_Directions for this task:_ Retype exactly what appears below from the line containing "Panneau d'obligation bilingue" down to the line containing "对于向多个电子邮件发送代币,您一次可以在", keeping both end lines. Do not include pictures.

********

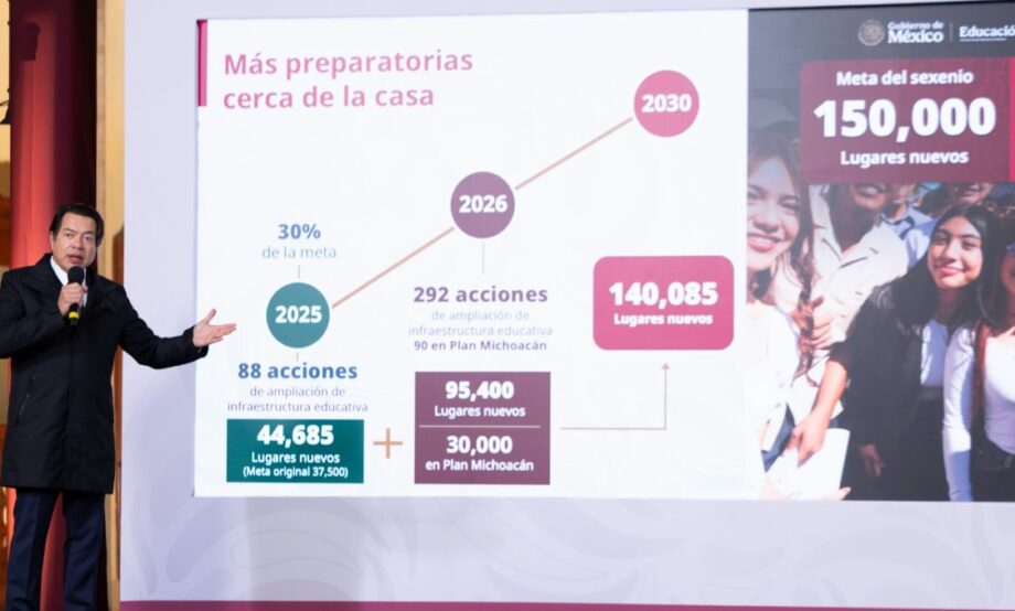 “Hay un plan muy ambicioso para el 2026, van a ser 292 acciones, que en total serán 95 mil 400 nuevos lugares para llegar a un acumulado de 140 mil 85 lugares, y nuestra meta en la administración (2030) será de 150 mil lugares nuevos”, puntualizó el secretario de Educación.
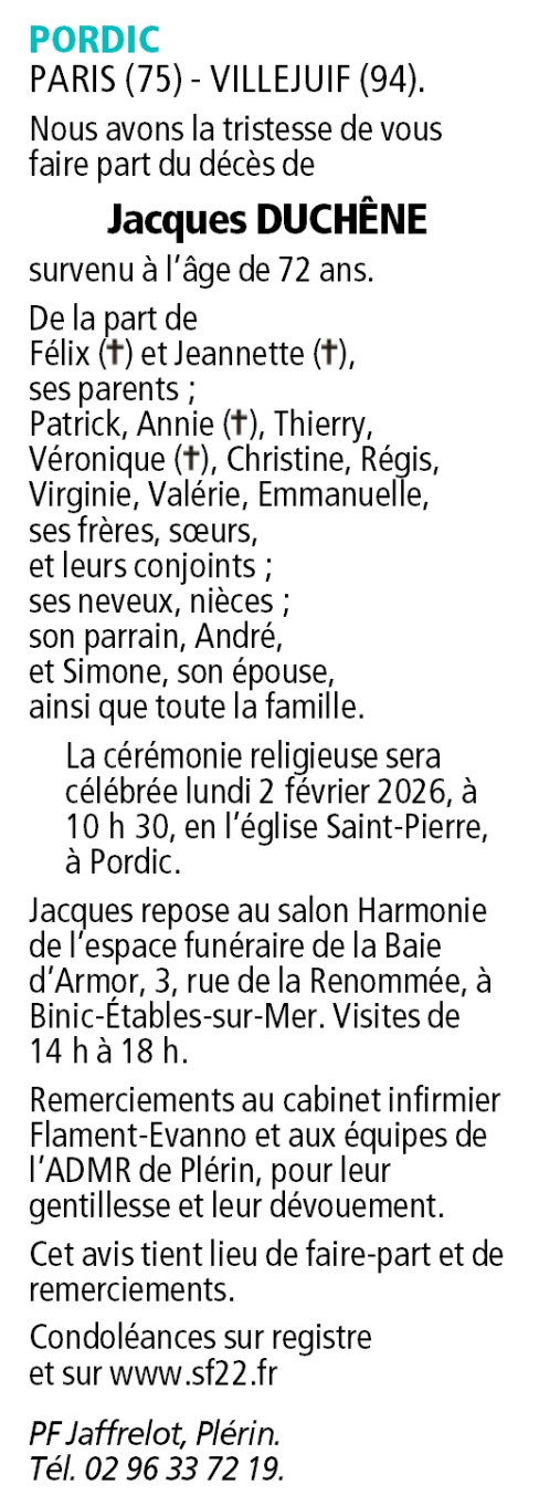 C’est avec une grande tristesse que nous vous annonçons le décès de Jacques DUCHÊNE survenu le mercredi 28 janvier 2026 à Pordic. La cérémonie se déroulera le lundi 02 février 2026 à 10h30 à l’adresse suivante : Église Saint Pierre - Rue Allenou - 22590 Pordic.
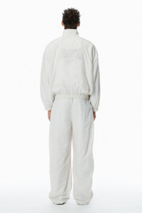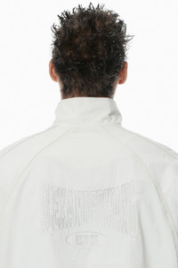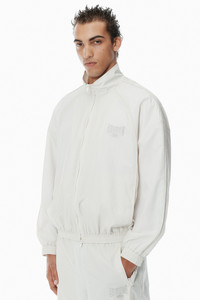 This black oversized track jacket features a classic shirt collar, piped seams, and side pockets. It is accented by an embroidered logo graphic at the chest. - shirt collar - elastic cuffs - side pockets - front-zip closure - body composition: 100% nylon - lining: 100% polyester - made in china - female model is 5'10" and wears a size s - male model is 6’0" and wears a size m - UWC2252059151 composition Body: 100%NYLON Lining: 100%POLYESTER
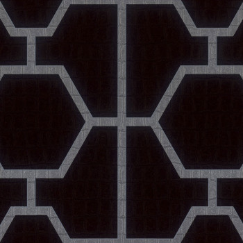 Luxuriöse geometrische Vliestapete mit einer Vinyloberfläche mit silbernen Ornamenten auf einem schwarzen Hintergrund, der Krokodilleder imitiert.
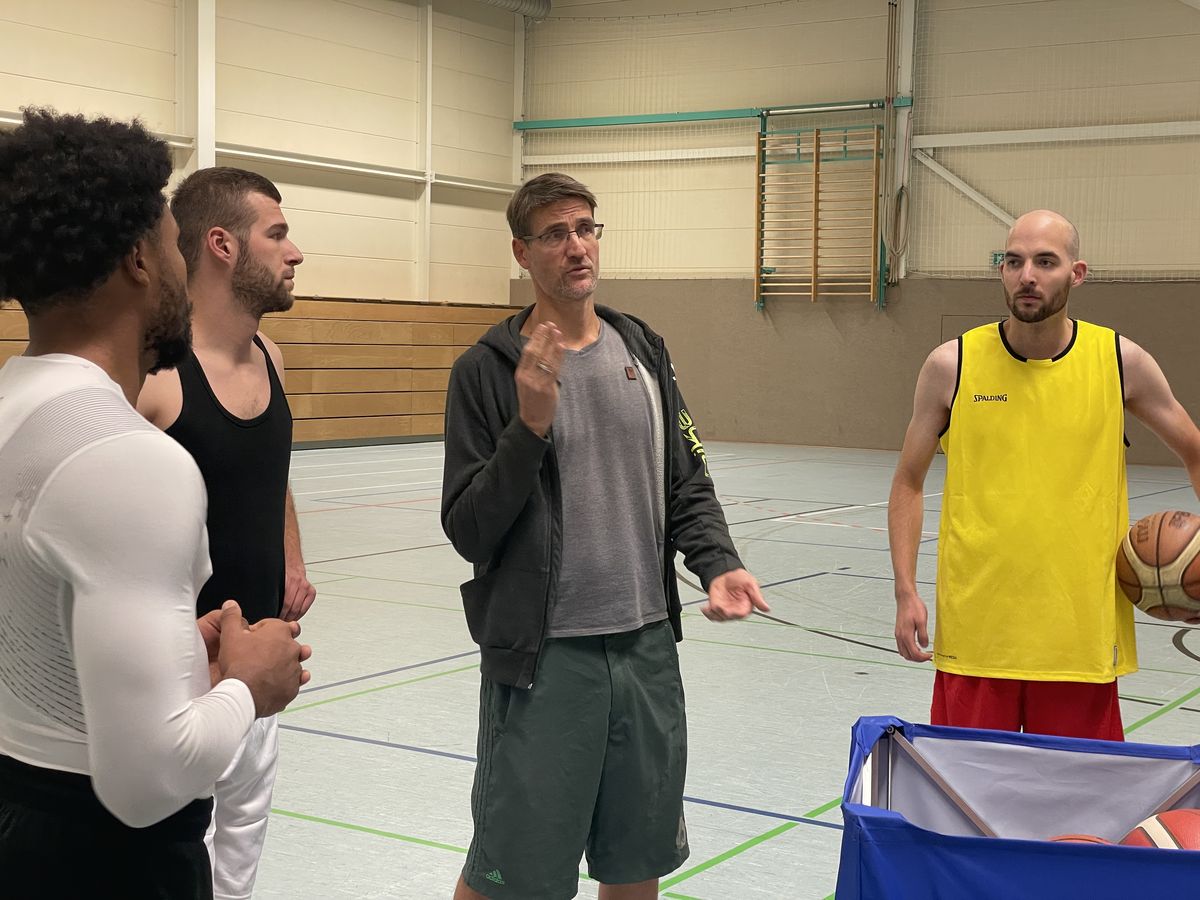 - Coach Stephan Wolf bespricht den Matchplan mit den Jungs.
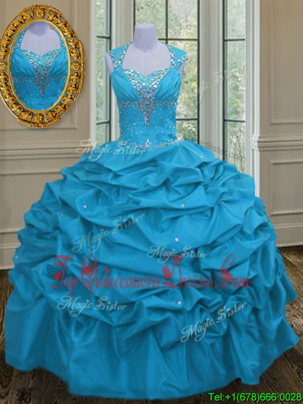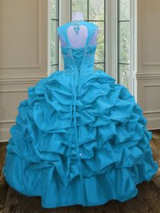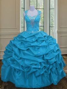 Fashionable Aqua Blue Lace Up Straps Beading and Pick Ups Sweet 16 Dresses Taffeta Sleeveless
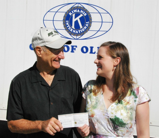 With best wishes for her career as an operatic soprano, Kiwanis Director Bill Dallamore presents Jena Moore with a cheque for $1500 towards the coming year’s tuition expenses.
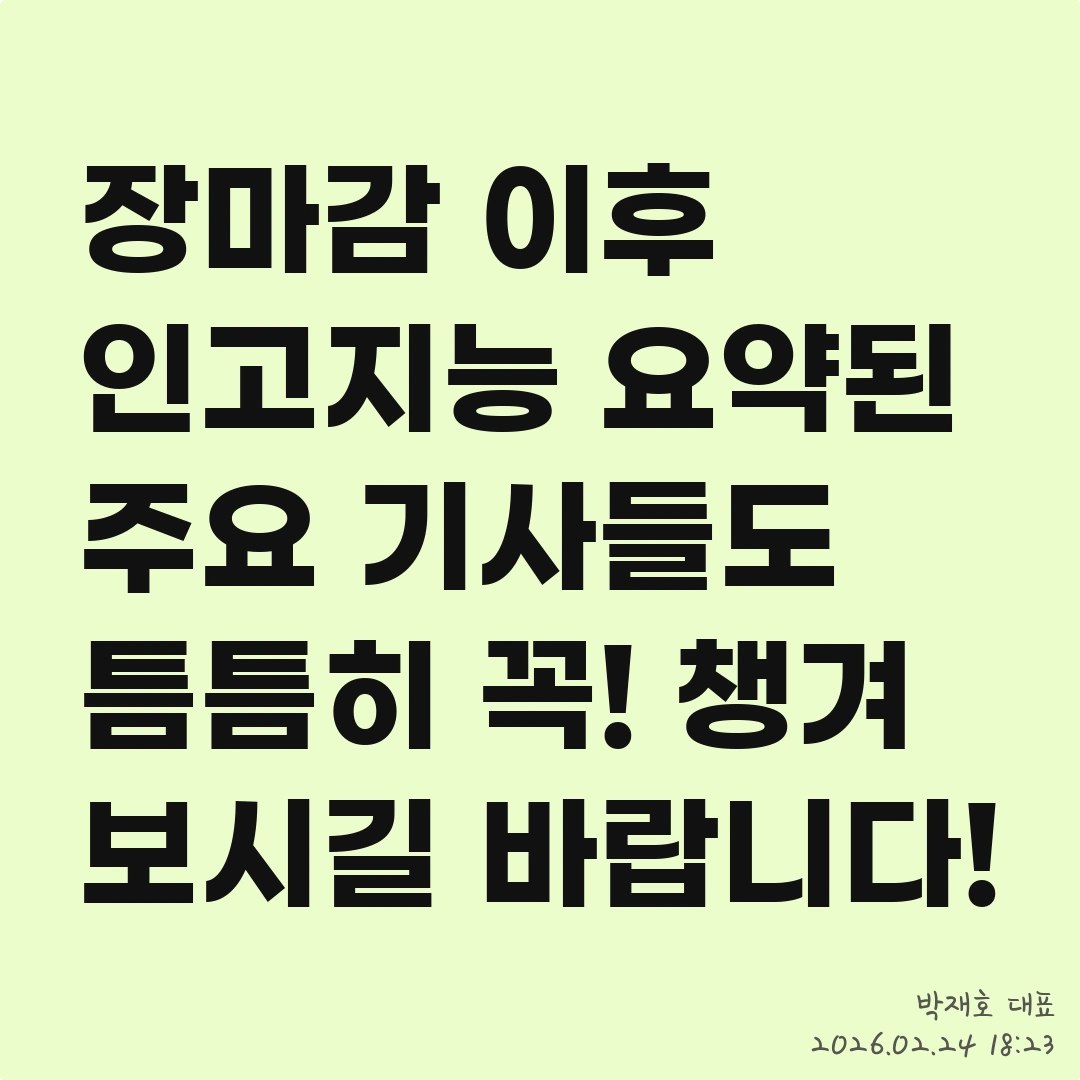 장마감 이후 인고지능 요약된 주요 기사들도 틈틈히 꼭! 챙겨 보시길 바랍니다!
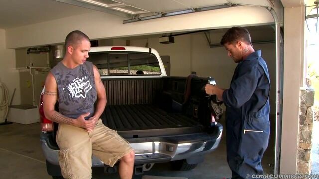 - Description: Cody Cummings, proprietor of Cody's Muffler Repair, is a regular, hard-working American guy. He knows the value of treating his customers right. That's why he's decided to cut Tyler Ford a deal. But when Tyler's girlfriend takes off for the mall with all his cash, Tyler's in a pickle! It's a good thing Cody's willing to explore alternative avenues of payment.After a long day of work, Cody's mammoth cock is begging to emerge from his dirty mechanic's jumpsuit. He can tell Tyler is remorseful and embarrassed about not having the money. When Cody tells Tyler the type of service he wants him to perform, Tyler is completely SHOCKED! He wants Tyler to suck his COCK in lieu of payment. Tyler's never done anything like this before and is extremely reluctant. But when an angry mechanic who's just spent arduous hours on your truck is about to shove his swollen boner in your mouth, sometimes you gotta compromise! Enjoy!
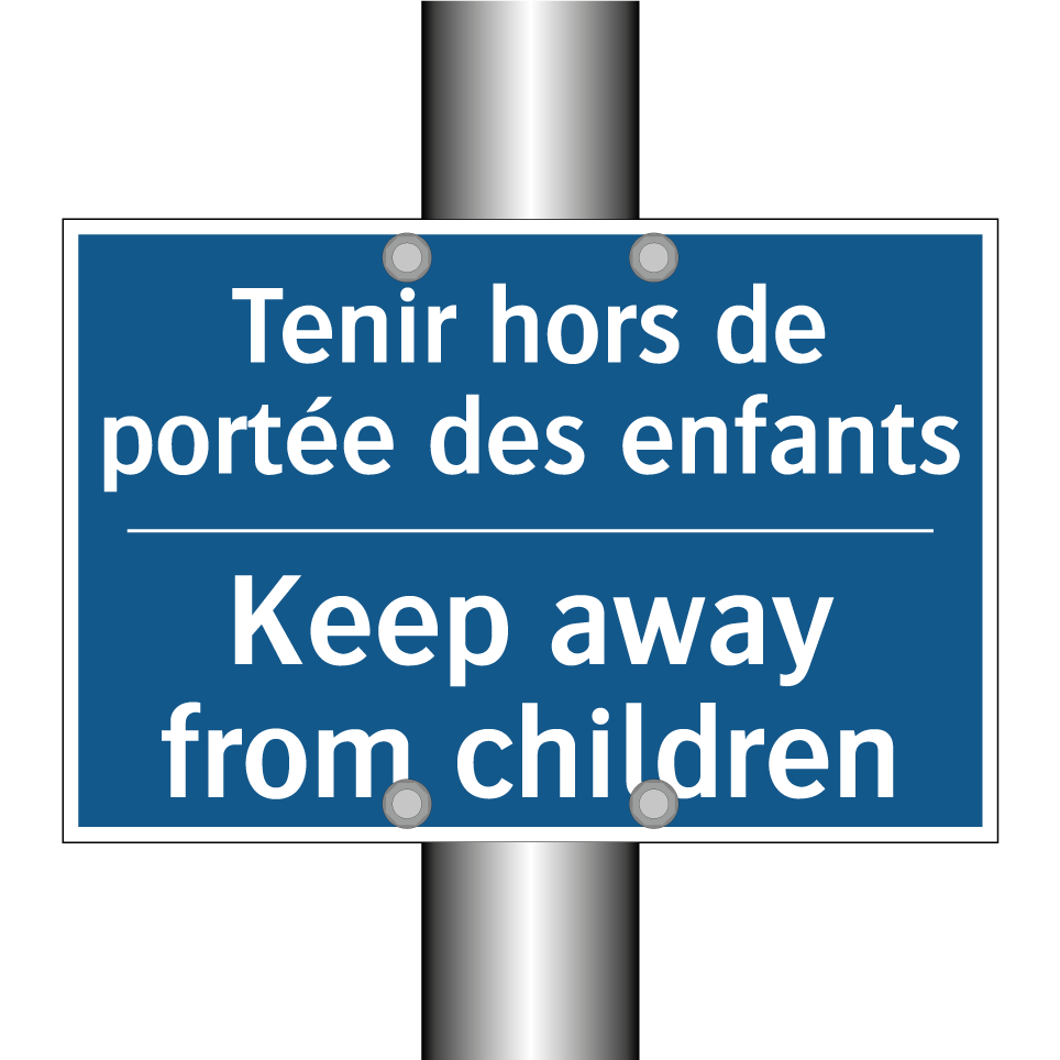 Panneau d'obligation bilingue avec texte en français : "Tenir hors de portée des enfants", et en anglais : "Keep away from children"
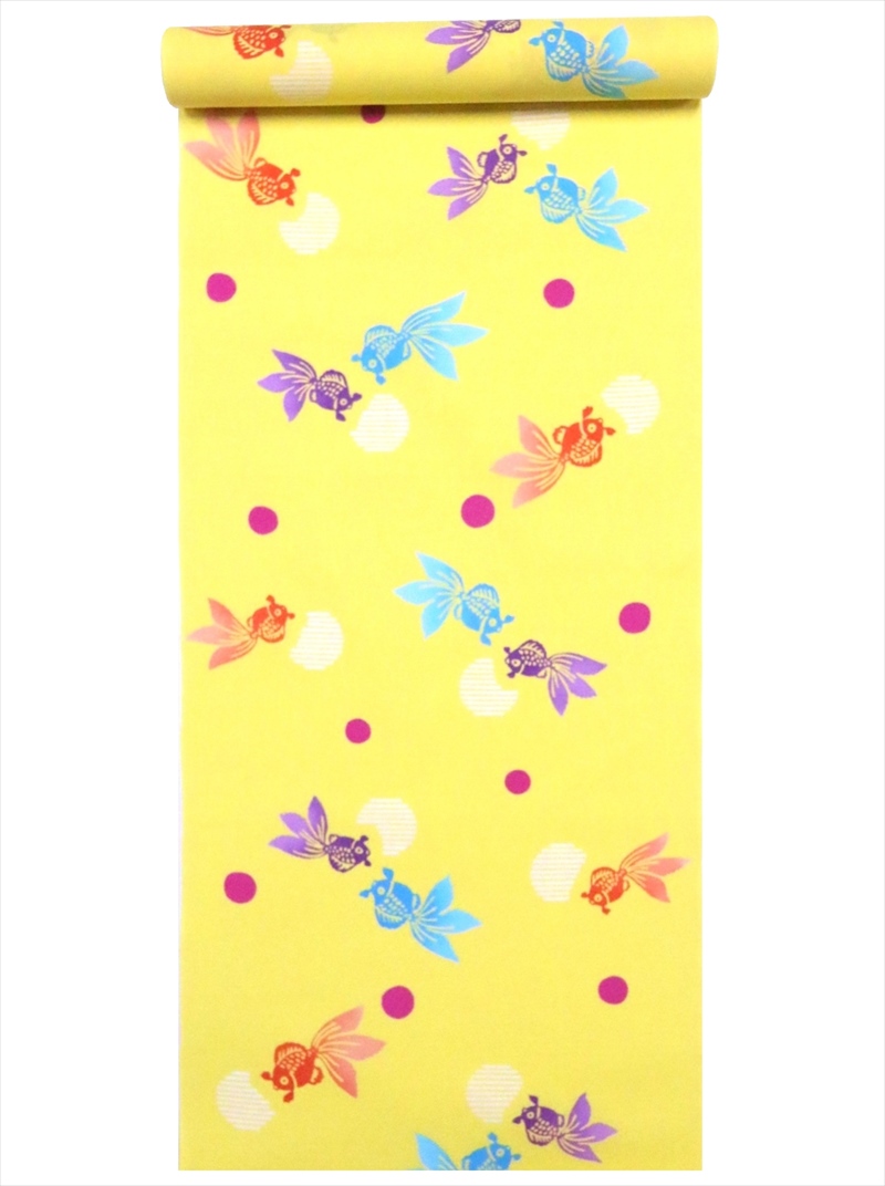 子供 浴衣 反物 3.8m No.714 黄色地・金魚柄・注染染め
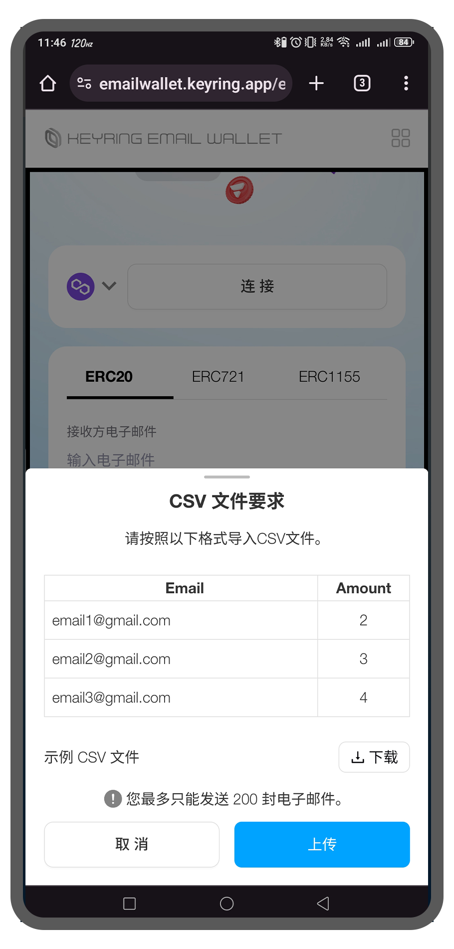 对于向多个电子邮件发送代币,您一次可以在一个批次中包含的电子邮件地址最大数量为200。如果需要发送到超过200个电子邮件,您需要将列表拆分成多个批次。
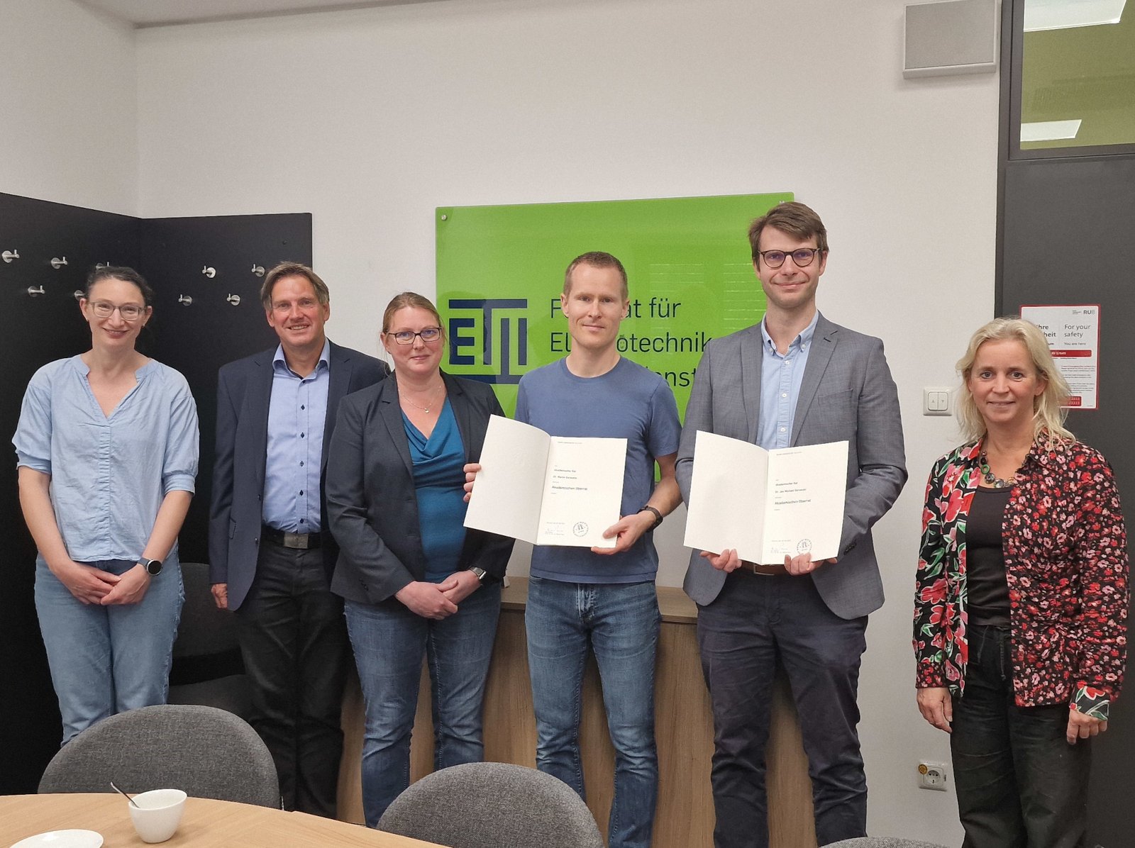 Die Ehrung fand im Dekanat der Fakultät statt. Von links: Prof. Dr. Clara Saraceno, Dekan Prof. Dr. Thomas Musch, Geschäftsführerin Dr. Corinna Heldt, Dr. Martin Saraceno, Dr.-Ing. Jan Barowski und Lehrstuhlinhaberin Prof. Dr.-Ing. Ilona Rolfes.

********

_Response to this task:_
 Panneau d'obligation bilingue avec texte en français : "Tenir hors de portée des enfants", et en anglais : "Keep away from children"
 子供 浴衣 反物 3.8m No.714 黄色地・金魚柄・注染染め
 对于向多个电子邮件发送代币,您一次可以在一个批次中包含的电子邮件地址最大数量为200。如果需要发送到超过200个电子邮件,您需要将列表拆分成多个批次。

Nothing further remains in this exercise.